Ingolstadt
Einmal unten durch

Die Kommunalbetriebe verlegen einen neuen Kanal am Hauptbahnhof - und der Zugverkehr läuft weiter

09.08.2018 | Stand 23.09.2023, 4:21 Uhr
Sabine Kaczynski
Schweres Gerät: Die Vortriebsmaschine (oben und unten links) mit zwei der vier Vortriebszylindern (gelb), die sich unter dem Hauptbahnhof durchgraben wird, ging gestern in Betrieb. Helmut Benegui (unten rechts), Bereichsleiter Wasserversorgung und Entwässerung bei den Kommunalbetrieben, präsentiert eins der Stahlbetonrohre, die für den Mischwasserkanal verwendet werden. −Foto: Fotos: Kaczynski

Ingolstadt (DK) Der alte Mischwasserkanal aus den 1920er Jahren, der unter den Gleisen des Hauptbahnhofs verläuft, hat ausgedient - ein neuer muss her. 1,4 Meter Durchmesser wird er haben und auf 220 Metern quer von der Martin-Hemm-Straße auf Ringseer Seite bis zum Parkhaus in der Elisabethstraße verlaufen, und zwar knapp drei Meter unterhalb der Schienen. Gestern begannen die Bauarbeiten.

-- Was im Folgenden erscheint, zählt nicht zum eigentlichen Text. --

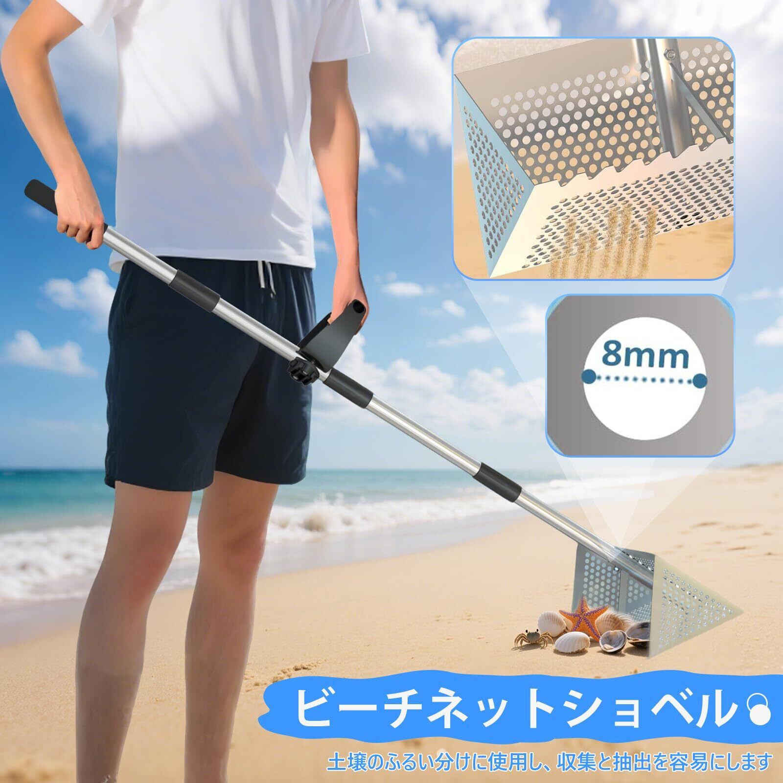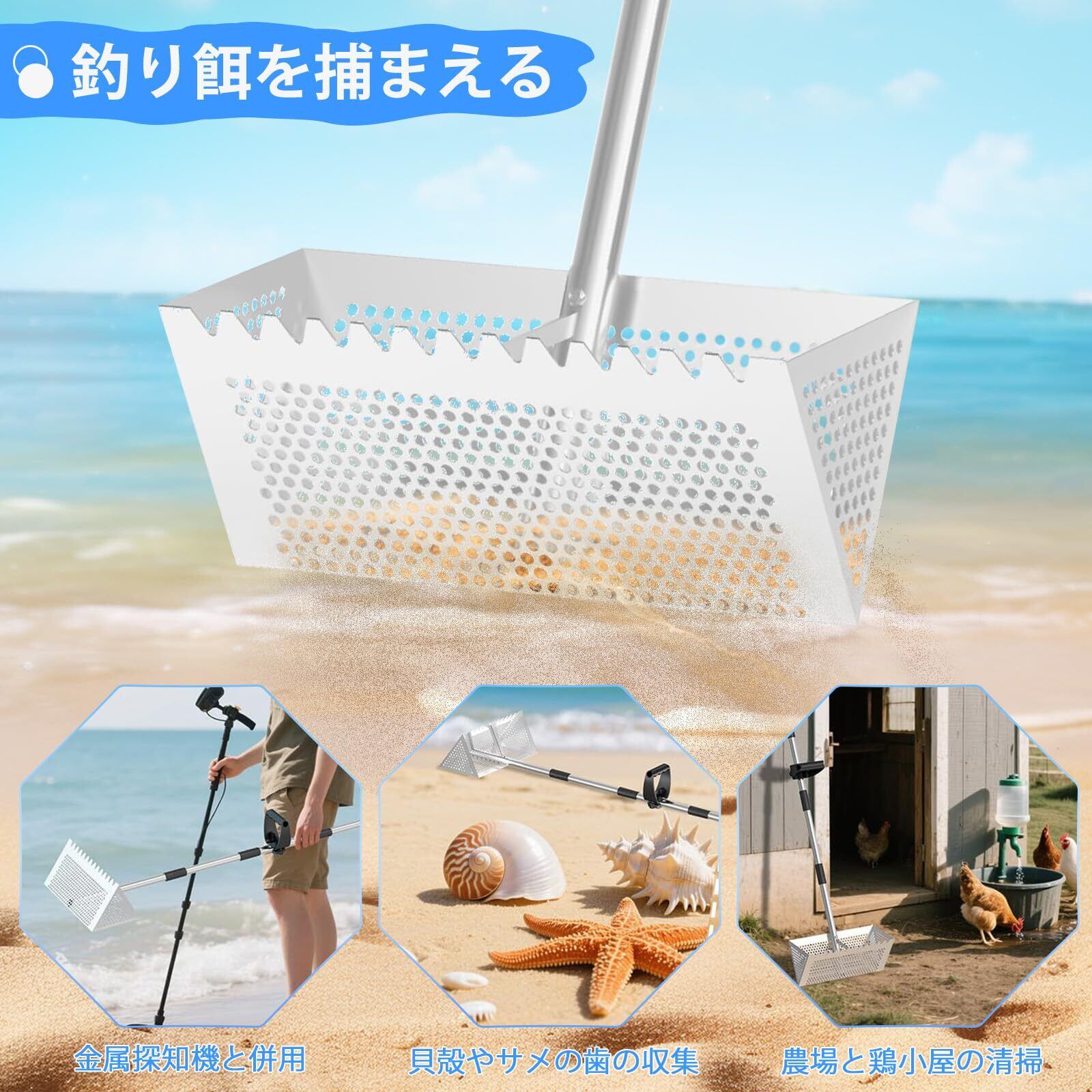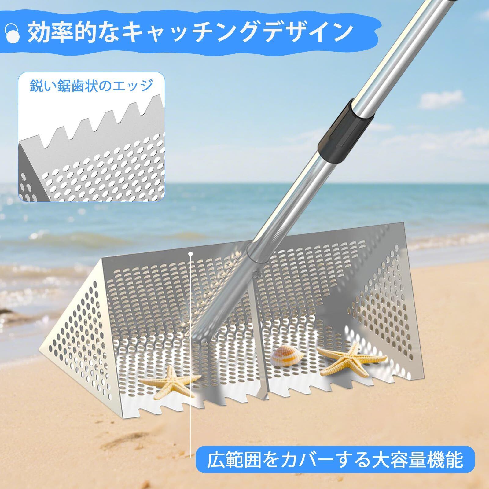 【多機能設計】砂シャベル、砂ふるい、サメの歯ふるいを一体化し、お客様のさまざまなニーズに満足できます。砂を掘ったり、貝殻をふるいにかけたりする場合に、このツールがあれば作業/遊びが楽になります。プロの漁業者にとっても欠かせないツールです。

Die Kommunalbetriebe verwenden für den Kanalneubau in Ingolstadt erstmals eine bemannte offene Vortriebsmaschine, damit der Bahnverkehr während der Baumaßnahme weitestgehend weiterlaufen kann. "Innerhalb von zwei Wochen wollen wir uns unter den Gleisen durchgraben und den Kanal auf dieser Strecke fertigstellen", erklärt Marcus Plank von den Ingolstädter Kommunalbetrieben, der Bauleiter des Projekts ist.

Man hat sich in erster Linie für diese Variante entschieden, weil das Gebiet um den Hauptbahnhof "kampfmittelverdächtig" ist. Auch wenn im Vorfeld durch Messungen ein Bombenfund aus dem Zweiten Weltkrieg nahezu ausgeschlossen werden konnte, besteht dennoch die Gefahr, dass ein unbemanntes und geschlossenes Gerät durch Betonbrocken oder Holzstämme, die unter den Schienen liegen könnten, beschädigt wird und dann mit großem Aufwand geborgen werden muss. "Dieses Szenario wollten wir unbedingt vermeiden. Daher ist es wichtig, dass der Maschinenführer sehen kann, wo gegraben wird, um gegebenenfalls reagieren zu können", meint der Bauleiter. 24 Stunden am Tag wird die Maschine daher ab heute besetzt sein und sich unter dem Bahnhof durchgraben. Die Funktionsweise der Vortriebsmaschine ist dabei beeindruckend: Vier Vortriebszylinder üben je 350 Tonnen Druck auf einen Ring aus, der die riesige Maschine dann nach vorne drückt. Der Baggerarm, der an der Front des Geräts angebracht ist, gräbt den Abraum weg, der über Förderbänder aus dem zukünftigen Kanal abtransportiert wird. So kann sich die Maschine immer weiter vorwärts arbeiten. Immer, wenn sie vier Meter zurückgelegt hat, werden in einem nächsten Schritt dann in dem entstandenen Raum die gewaltigen Rohre - erneut mit Hilfe der Vortriebszylinder - verlegt: Vier Meter Länge, acht Tonnen Gewicht und 1,4 Meter Durchmesser hat so ein Stahlbetonrohr, das dann in das ausgeschnittene Loch passt. Der Ringspalt, der zwischen Schneide und Rohr entsteht, wird zur Festigung zwischen Kanal und Lockergestein und auch zur Schmierung mit einer Bentonitsuspension ausgefüllt. Sukzessive werden die Rohre nun aneinandergefügt und der neue Mischwasserkanal entsteht.

"Während der kompletten Bauphase laufen umfangreiche Gleisvermessungen, die Schienen werden also ständig überwacht. Setzungen oder irgendwelche Bewegungen werden daher sofort registriert. Entsteht eine kritische Situation, können wir dann direkt eingreifen", betont der Bauleiter. "Das war auch eine Vorgabe der Bahn." Die Sicherheit für die Reisenden ist also gewährleistet - und das ist auch gut so, denn der Bahnverkehr wird während der Kanalbauarbeiten durchgehend weiterlaufen. Lediglich die Gleise, unter denen gerade direkt gearbeitet wird, werden gesperrt. "Wir arbeiten hier eng mit der Bahn zusammen und stimmen uns ständig ab", versichert Bauleiter Marcus Plank.